After Ramon’s diary undergoes additional preservation processes, it will be considered for presentation to the public in a permanent exhibition.
“The diary is in good company here in the same room as Isaac Newton and Maimonides, along with Ilan Ramon’s letter to Professor Yeshayahu Leibovitz,” said Marcela Szekely, head of the conservation laboratory.
“The National Library is privileged to be entrusted with safeguarding and preserving this artifact and to honor the memory of this man who created it, a hero of Israel and the Jewish people, now and for future generations,” said Sallai Meridor, chairman of the National Library.

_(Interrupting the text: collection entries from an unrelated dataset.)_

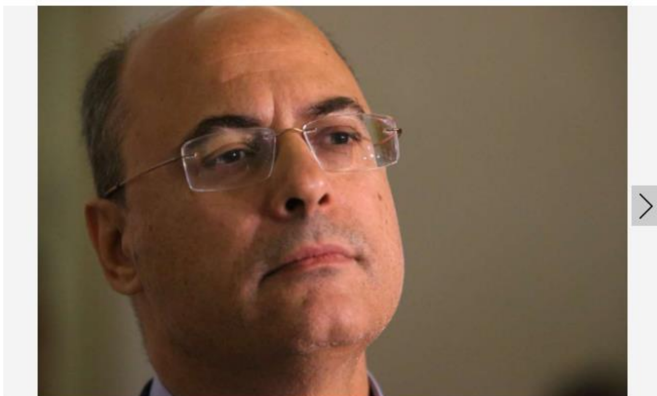
Governador eleito, Wilson Witzel
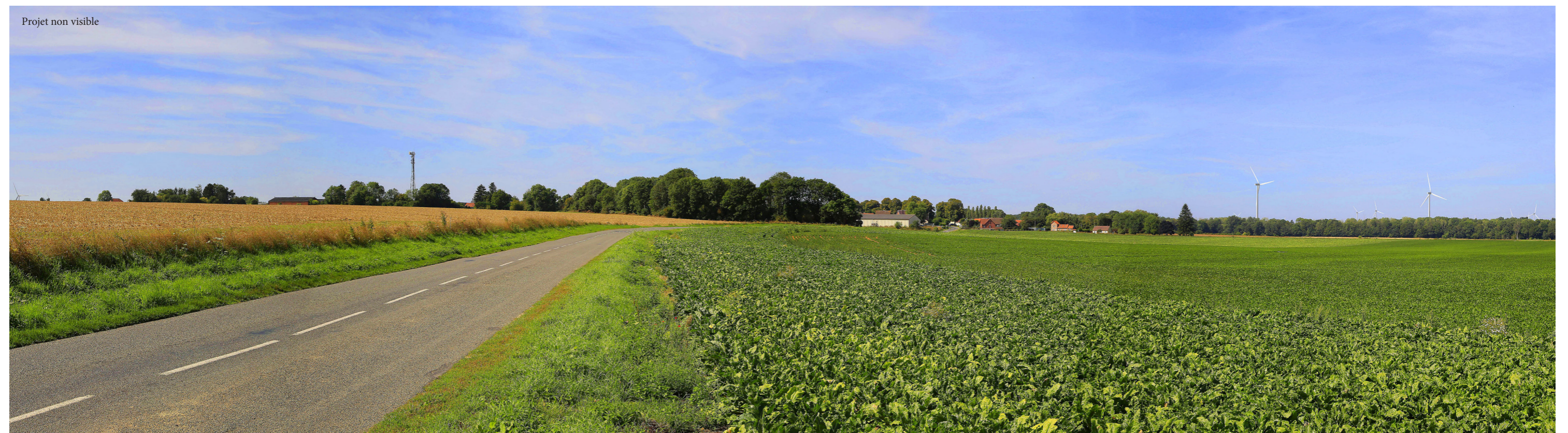
Photomontage - panorama à 90° (parcs existants, accordés, en instruction et projet)

En rose : projet étudié, En bleu : parcs existants, En vert : parcs accordés, En jaune : parcs en instruction et déposés
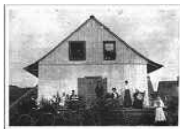
Maison Grenier-Constantineau, au 1, chemin Constantineau.
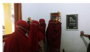
Gambar 14. Proses Menyiapkan Ruang Pojok Konseling Oleh Anak Asuh yang didampingi Tim Abdimas dan Pengasuh

Ramon and six other astronauts died on Feb. 1, 2003, in a shuttle reentry disaster just 16 minutes before they were due to land at the Kennedy Space Center on Merritt Island in Florida.
The Columbia had completed 27 missions before the tragedy, and Ramon’s mission had been routine, with the crew performing 80 science experiments before initiating their return to Earth.
Like many astronauts before him, Ramon took meaningful items with him to space, including a small Torah scroll rescued from the Bergen-Belsen concentration camp; a drawing by Petr Ginz, a 16-year-old boy murdered in Auschwitz; and wine used to celebrate Shabbat.
There was also a letter from his son Assaf, who later became an Israeli fighter pilot and was killed in a training accident in 2009, as well as a diary to document his personal experiences in outer space.
Ramon wrote at least one page before takeoff while the rest was written in space. Entries describe brushing his teeth in low gravity, conducting experiments and longing to be reunited with his family.
There are also casual mentions of conversations with former Israeli Prime Minister Ariel Sharon and President George W. Bush.
The diary was recovered among the debris in northeast Texas. Researchers believe that the lightweight nature of the paper left the journal relatively intact, with most of the damage probably occurring after the return to Earth.
Ramon, 48 years old when he died, was the youngest pilot to take part in “Operation Opera,” Israel’s strike against Iraq’s unfinished Osiraq nuclear reactor in 1981.